Brenda Flora: Right. When you think of other fragile formats that can get dropped and shattered or delaminate as they age, it really is a pretty robust format. So you can see why they used it.
Joy Banks: But it had a lot of problems.
Brenda Flora: But it had a lot of problems.
Joy Banks: So the next clip that I think would be interesting to talk about is the one that was the wire reel recording, or maybe it wasn’t on a reel, but it was a wire recording of the Igbo dialect? Is that [pronunciation] correct?
Lerin Williams: No—Igbo [corrects pronunciation]. So I am not fluent in Igbo; I know less Igbo than I know Yoruba, but it is it’s really tonal as well. They share that in common. So again, from a linguistic perspective, looking at the tonality, speech patterns, syntax, it’s very interesting to listen to how they convey storytelling. The clip that I selected is very reminiscent and representative of a type of storytelling found in Yoruba culture, called Alo, and it is where a storyteller or a narrator speaks. And there is one short song where the narrator sings, and then there’s a choral response, and that appears intermittently between the narration of the story. And so it can be about daily life and experiences in the culture. It can have a moral of the story. It can be more of a folktale. But there’s usually a lesson to be learned at the end of it. So that’s why I selected this clip, because it’s a really good example of that style of storytelling.
[Igbo clip not transcribed]
Joy Banks: Of the clips that you sent, this was really the clearest audio that existed, and I found that to be very interesting as a wire recording.
Brenda Flora: Yeah. And some of those wire recordings we got back were crystal clear. And it’s kind of impressive that they lasted that long. I guess just a little background about wire recordings, it was before other magnetic media like cassette tapes or reel-to-reel tapes, they would record directly on a thin steel wire on a spool.

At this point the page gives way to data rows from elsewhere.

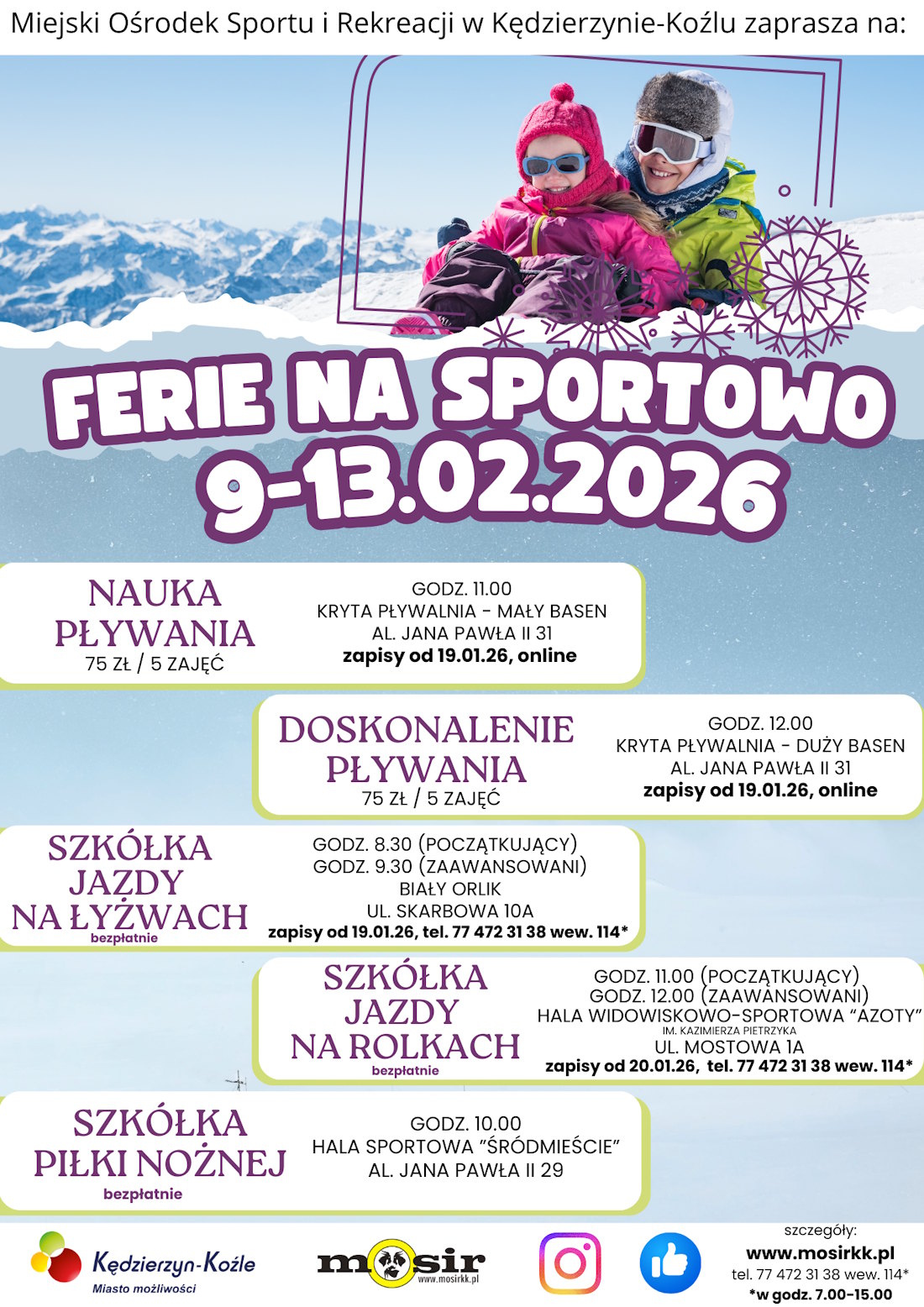 Szczegółowy harmonogram zajęć, godziny oraz zasady uczestnictwa dostępne są na stronie internetowej Miejskiego Ośrodka Sportu i Rekreacji. Organizatorzy zachęcają dzieci i młodzież do aktywnego spędzenia ferii oraz skorzystania z przygotowanych atrakcji. Informacje na temat zajęć można uzyskać również telefonicznie, dzwoniąc w godzinach 7-15 pod numer 77 472 31 38, wew. 114.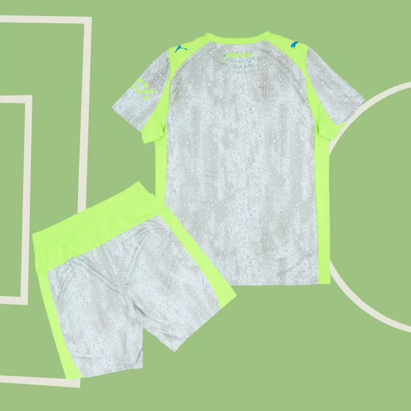Manchester City tretji dres 2025/26 je zasnovan za mlade navijače, ki želijo igrati in navijati v istem stilu kot njihovi junaki. Otroški nogometni komplet vključuje majico in hlače z modernim potiskom, ki spominja na kapljice dežja, poudarjenim z živahnimi zelenimi detajli na ovratniku, ramenih in straneh. Na hrbtni strani je prostor za personalizacijo, zato lahko dodate ime in številko najljubšega igralca, kot sta Haaland ali De Bruyne. Ta komplet je lahek, udoben in popoln za igro ali nošenje na tribuni. Otroški Manchester City nogometni dres 2025/26 je na voljo z možnostjo hitre dostave, zato je odlična izbira za vse mlade nogometaše in prave navijače.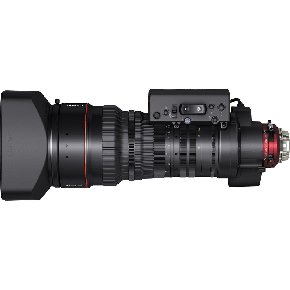 The lens features the same 12-pin camera interface for power and serial data as found on regular Canon broadcast lenses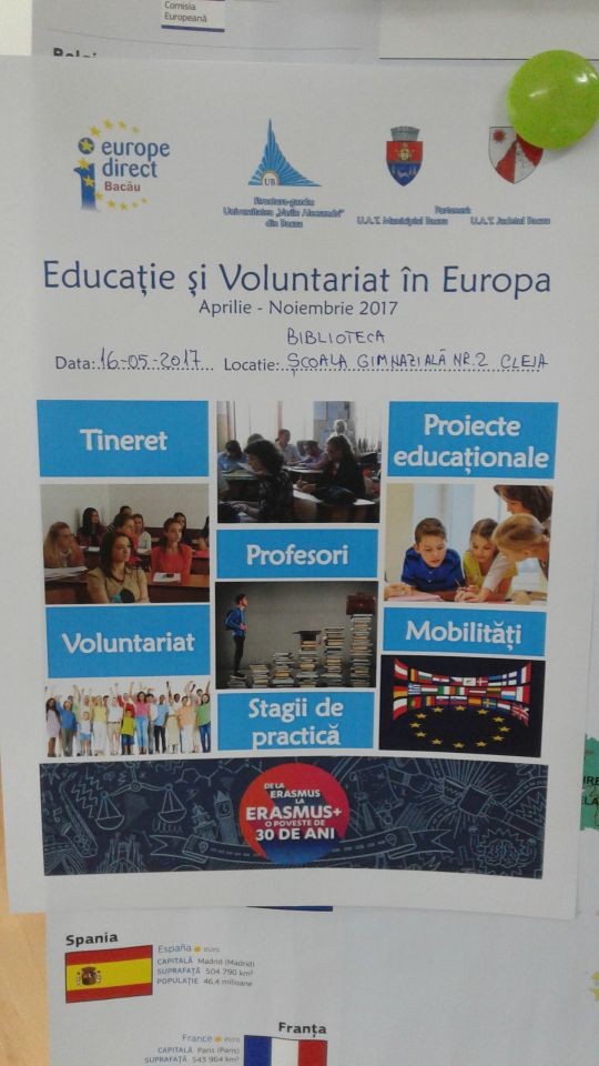 Activitățile au fost coordonate de prof. Irimia Vasilica-Petronela – profesor documentarist; prof. Doboş Gabriel- profesor de geografie și prof. Doboş Monica – profesor de geografie, iar locațiile activităților au fost Şcoala Gimnazială Cleja(Centrul de Documentare şi Informare „Mihai Eminescu"), Şcoala Gimnazială Nr. 2 Cleja (bibliotecă) și Şcoala Gimnazială Somuşca (sală de clasă). Materiale vizuale și tematice au fost oferite tuturor participanților, acestea fiind puse la dispoziție de către Centrul Europe Direct Bacău. Mulțumim cadrelor didactice și elevilor pentru deschidere și pentru frumoasa inițiativă.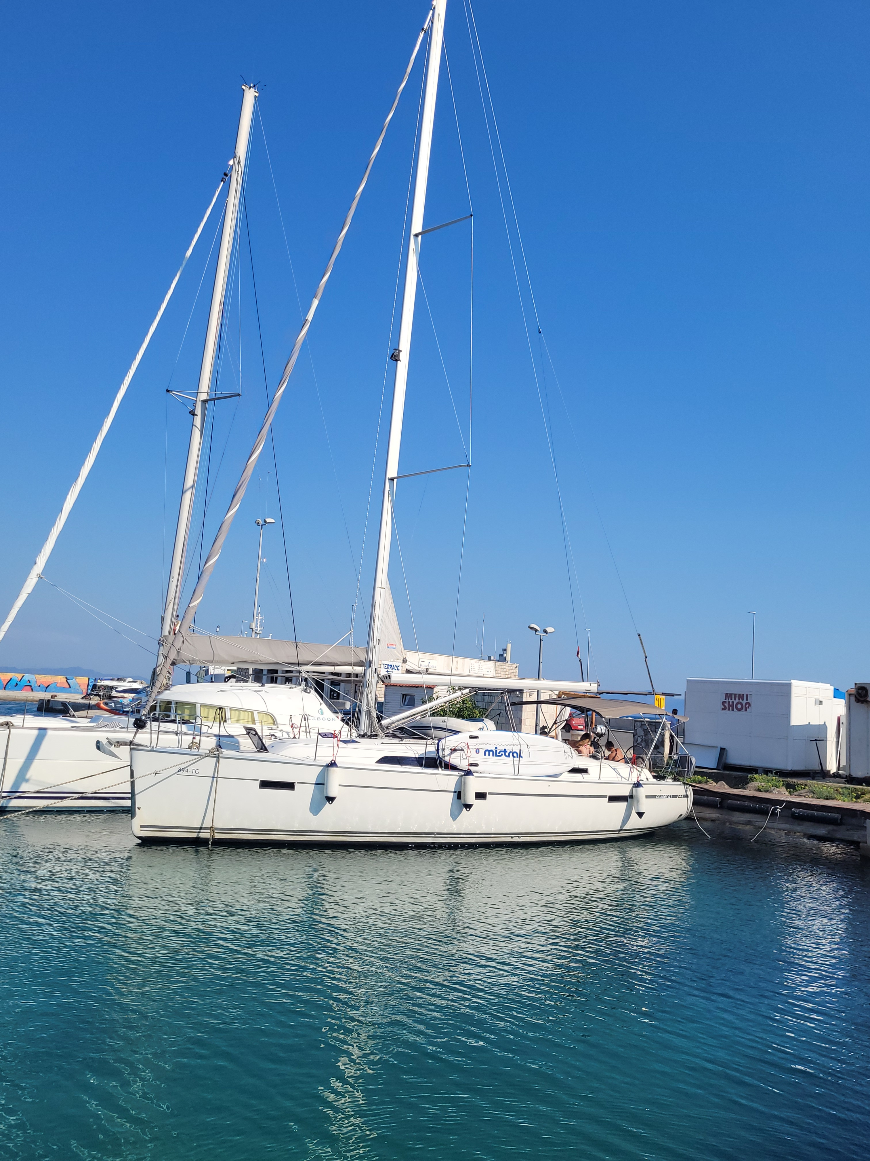 | Outside | Anker mit Kette, Badeplattform, Biminitop, Bootshaken, Cockpitdusche, Cockpitlautsprecher, Cockpittisch, Deckbürste, elektr. Ankerwinsch, Fender, Gangway, Kugelfender, Solaranlage, Sprayhood, Teak im Cockpit, Wasserschlauch, Winschen |

So it’s a magnetic recording, but there it’s very, very thin wire. And they’re susceptible to tangles and they’re susceptible to print-through, which is when you hear an echo in the background on the recording, so that some of our recordings, I think that’s probably present in. But we were very, very excited to get the recordings back and hear just how clear they were because we didn’t know what it was going to … because another problem with wire recordings, one of the biggest concerns, is that there’s not playback equipment readily available for it. So it’s sort of a high preservation risk to get those transferred as quickly as possible, but for the same reason it was—we had never listened to any of them and we weren’t sure what we were sending out when we got the recordings back. So we were very happy.
Joy Banks: Well, that seems to be a risk for a lot of these audio materials that you don’t know until you send it out or try to play it.

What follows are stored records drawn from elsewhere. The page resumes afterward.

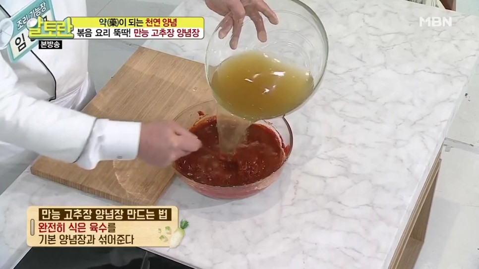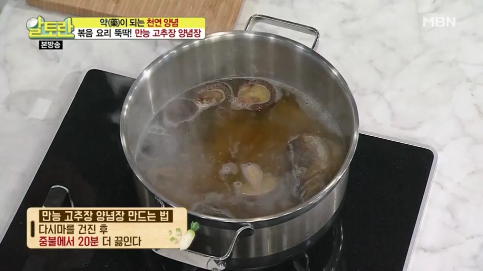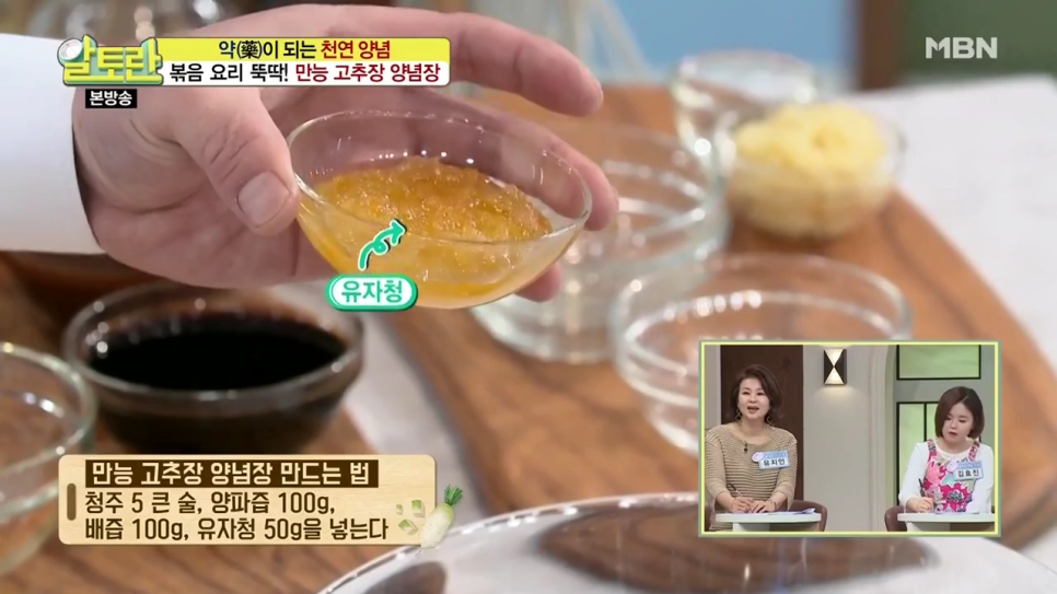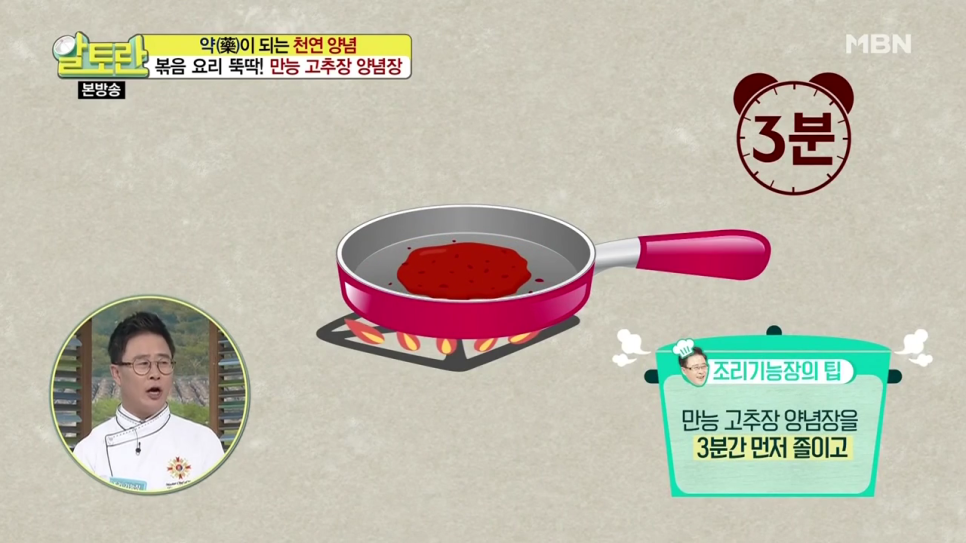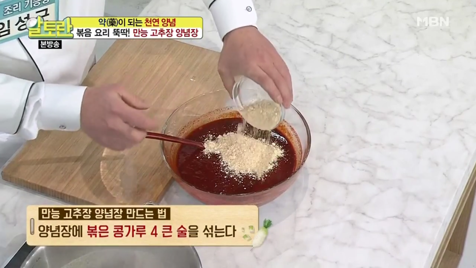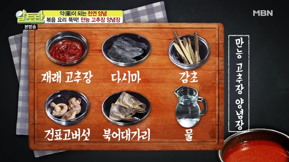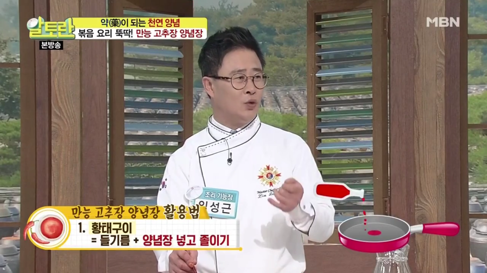 이번 알토란에서는 설탕, 소금, 인공조미료를 사용하지 않고도 볶음, 구이, 찜 등 다양한 요리에 활용할 수 있는 건강한 천연양념장, 바로 만능 고추장양념장 레시피를 배워봤어요. 사람의 몸에 독소가 쌓이는 원인은 오염된 환경, 물, 공기 등 여러 가지가 있지만, 가장 큰 원인은 우리가 섭취하는 음식 속 잘못된 양념이라고 합니다. 생각보다 많은 화학물질이 양념에 포함되어 있더라고요.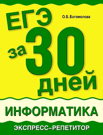 Информатика ЕГЭ за 30 дней Экспресс-репетитор. Ольга Богомолова. Книга для тех, кто как и мой сын вдруг решил изменить предмет. только начал готовиться к экзамену. Ту много разнообразных задач, с решениями и ответами. И что мне больше всего понравилось, объясняется, почему задача решается именно так, а не иначе. Потому что зачастую хочется решить совсем иначе. Если заниматься, то успеть прилично подготовится можно. Посмотрим, на сколько сдадим.
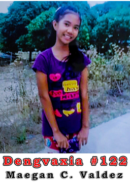 Si Maegan, 13, namatay noong Marso 1, 2019, ang ika-122 sa mga naturukan ng Dengvaxia na under Clinical Trial Phase 3 (WHO, Peter Smith) at nakaranas ng sintomas na kasama sa common pattern of four serious adverse effects (anaphylactic allergic reaction, viscerotropism (pamamaga, paglaki at pagdurugo ng laman-loob), neurotropism (pamamaga at pagdurugo ng utak), and increase in severity of dengue disease) na sumasang-ayon sa Sanofi Declaration of Four (4) Identified and Expected Risks in its Submission for Authorization sa Food and Drug Administration (FDA) {22 Disyembre 2015} - na sumailalim sa forensic examination ng PAO Forensic Team, pagkatapos hilingin ng kanilang mga pamilya.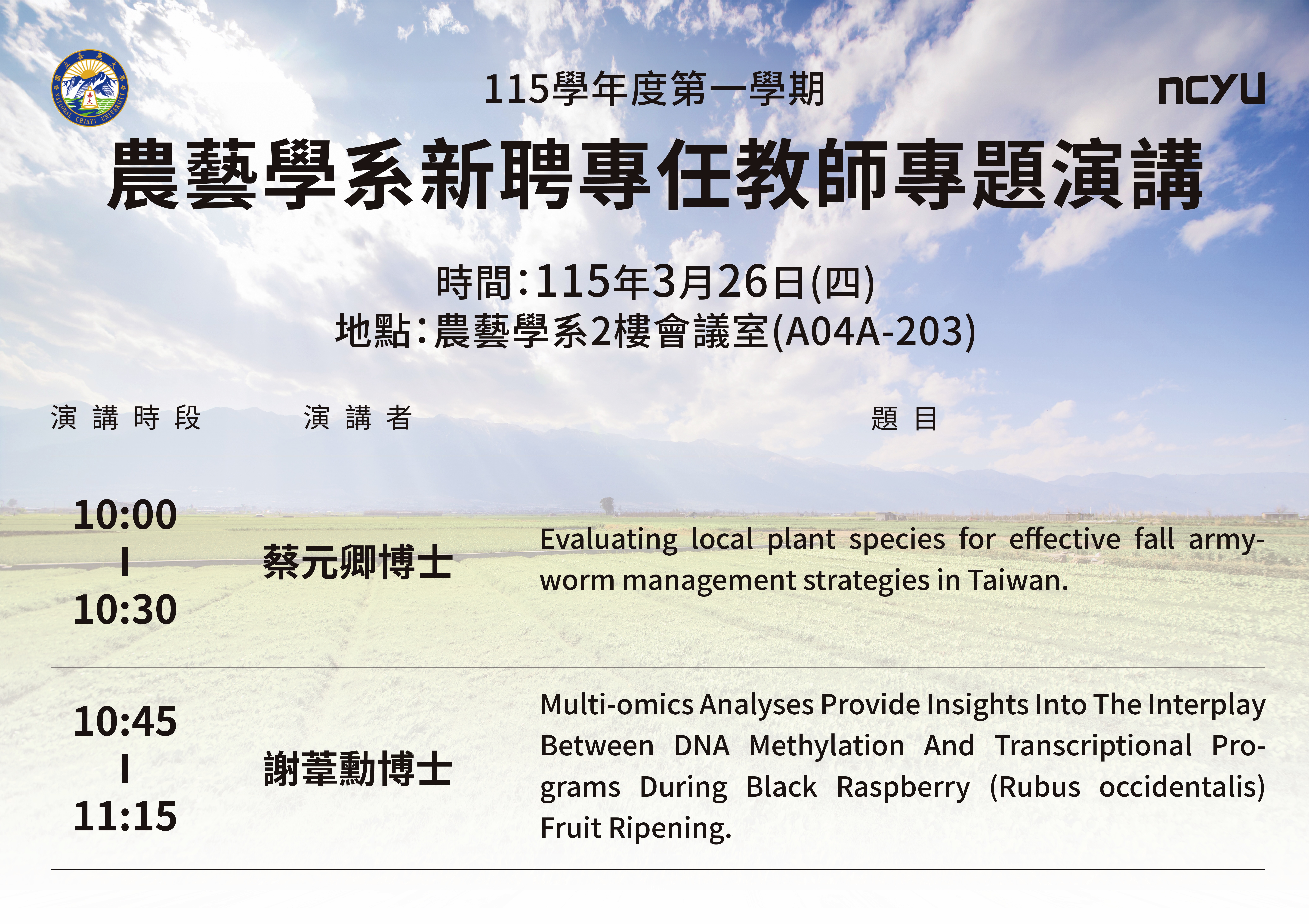 | 2026/03/17 | 公告 | 農藝學系115學年度新聘專任教師專題演講 | 農藝學系暨研究所 |

Brenda Flora: Right. That’s part of why we’re working so hard to get these descriptions done too, is because when you look at a blank record or a cassette tape with no label, you have no way of knowing what’s on the on the recording without playing it through. So that’s a high preservation risk and a high concern for intellectual control, too.
Joy Banks: the last one that you sent was a Creole song. So did you want to talk a little bit about that?
Lerin Williams: Well, in trying to anticipate a potential question … I thought that one of your potential questions might be regarding whether Creole languages could be considered as indigenous languages.
Joy Banks: I would love for you to talk about whether Creole can be considered indigenous languages.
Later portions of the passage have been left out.